**EXERCISE DESCRIPTION:** Print, exactly as they stand, the lines below from the one that has "Каталог продукции, где" to the one that has "mounting, or removing", inclusive, leaving out the pictures.

DATASET CONTENT below:

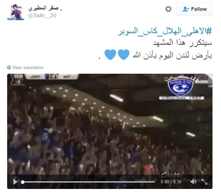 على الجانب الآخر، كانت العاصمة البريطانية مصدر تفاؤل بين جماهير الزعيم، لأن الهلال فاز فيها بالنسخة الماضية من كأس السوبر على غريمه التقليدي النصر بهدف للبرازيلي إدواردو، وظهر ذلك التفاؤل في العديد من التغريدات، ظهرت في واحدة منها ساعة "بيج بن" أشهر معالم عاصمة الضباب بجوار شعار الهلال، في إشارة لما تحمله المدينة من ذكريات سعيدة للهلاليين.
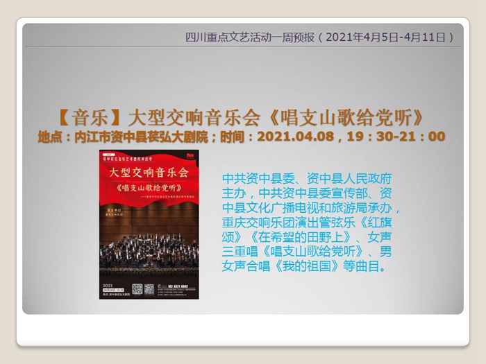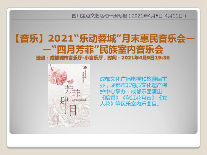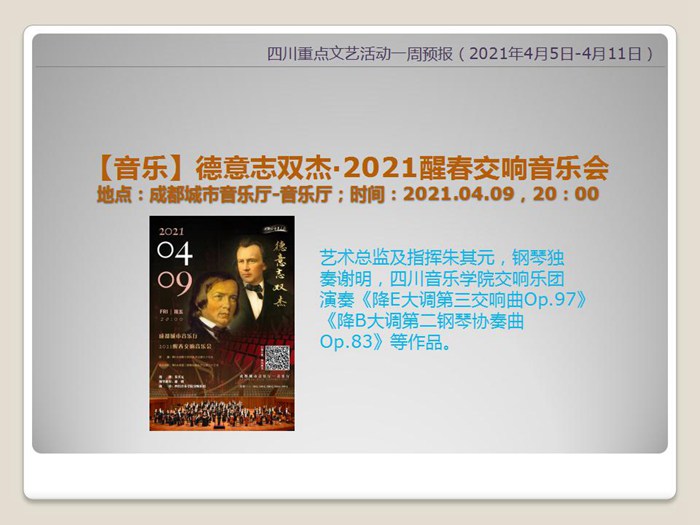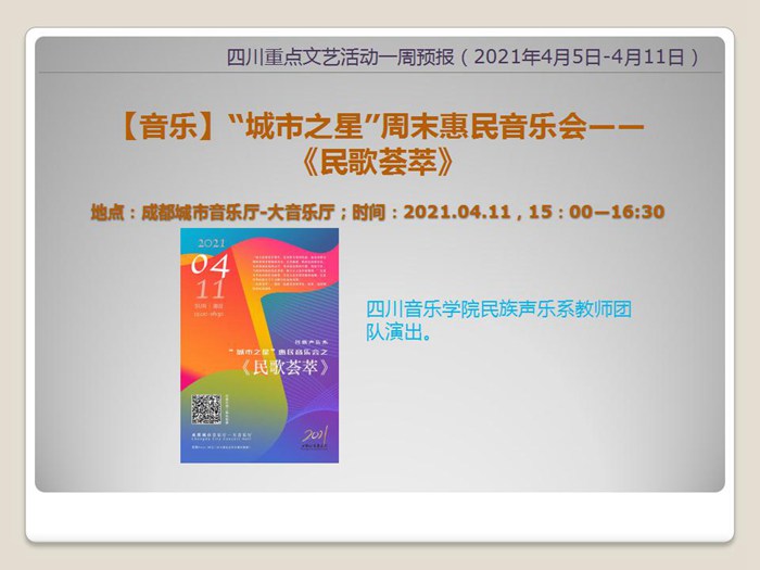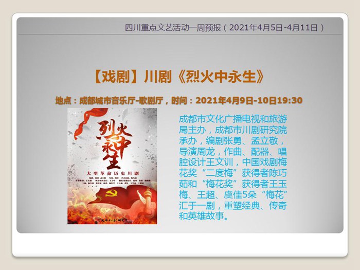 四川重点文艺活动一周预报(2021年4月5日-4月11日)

End of DATASET CONTENT.
DATASET CONTENT below:

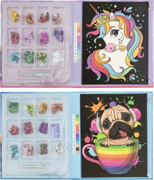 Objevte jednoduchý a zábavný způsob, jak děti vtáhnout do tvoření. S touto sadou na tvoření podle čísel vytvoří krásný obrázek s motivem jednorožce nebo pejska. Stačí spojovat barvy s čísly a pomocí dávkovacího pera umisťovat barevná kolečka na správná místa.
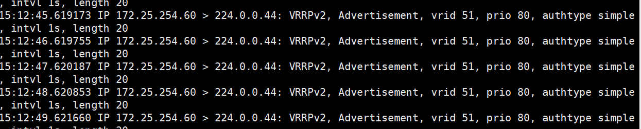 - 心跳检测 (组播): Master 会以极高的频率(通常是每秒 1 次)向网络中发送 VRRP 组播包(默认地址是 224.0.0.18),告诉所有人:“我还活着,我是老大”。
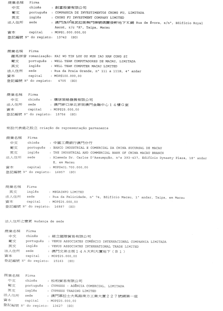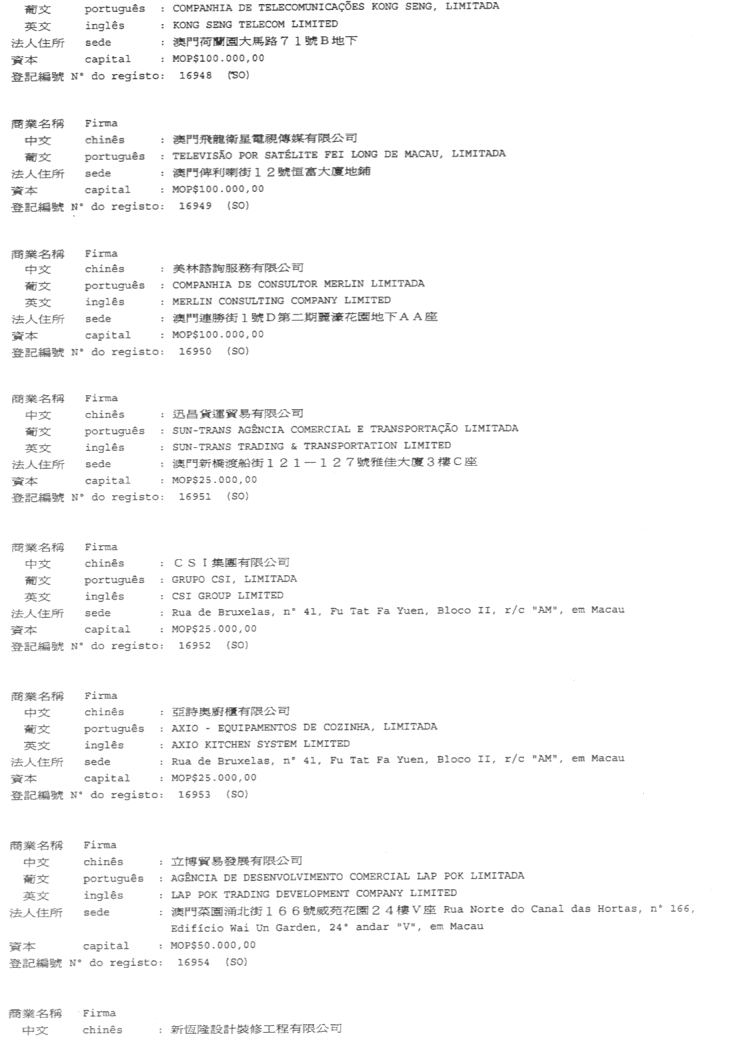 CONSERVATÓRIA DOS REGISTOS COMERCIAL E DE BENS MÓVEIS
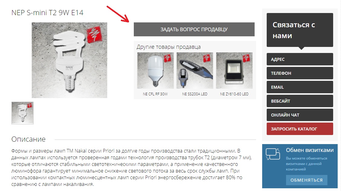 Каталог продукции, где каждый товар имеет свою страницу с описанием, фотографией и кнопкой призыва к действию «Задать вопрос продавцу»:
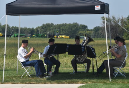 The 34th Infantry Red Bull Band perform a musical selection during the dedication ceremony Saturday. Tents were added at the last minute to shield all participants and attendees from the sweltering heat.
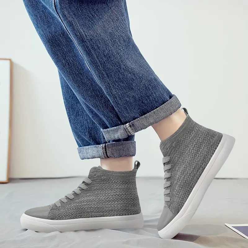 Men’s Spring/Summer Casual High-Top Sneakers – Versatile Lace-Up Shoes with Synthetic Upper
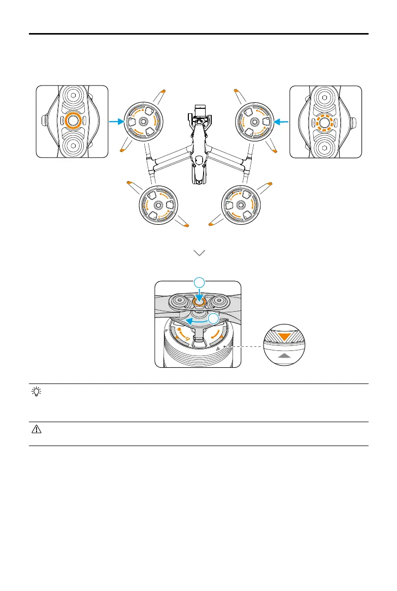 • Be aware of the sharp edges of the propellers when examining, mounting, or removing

End of DATASET CONTENT.

**RESULT FOR THIS TASK:**
 Каталог продукции, где каждый товар имеет свою страницу с описанием, фотографией и кнопкой призыва к действию «Задать вопрос продавцу»:
 The 34th Infantry Red Bull Band perform a musical selection during the dedication ceremony Saturday. Tents were added at the last minute to shield all participants and attendees from the sweltering heat.
 Men’s Spring/Summer Casual High-Top Sneakers – Versatile Lace-Up Shoes with Synthetic Upper
 • Be aware of the sharp edges of the propellers when examining, mounting, or removing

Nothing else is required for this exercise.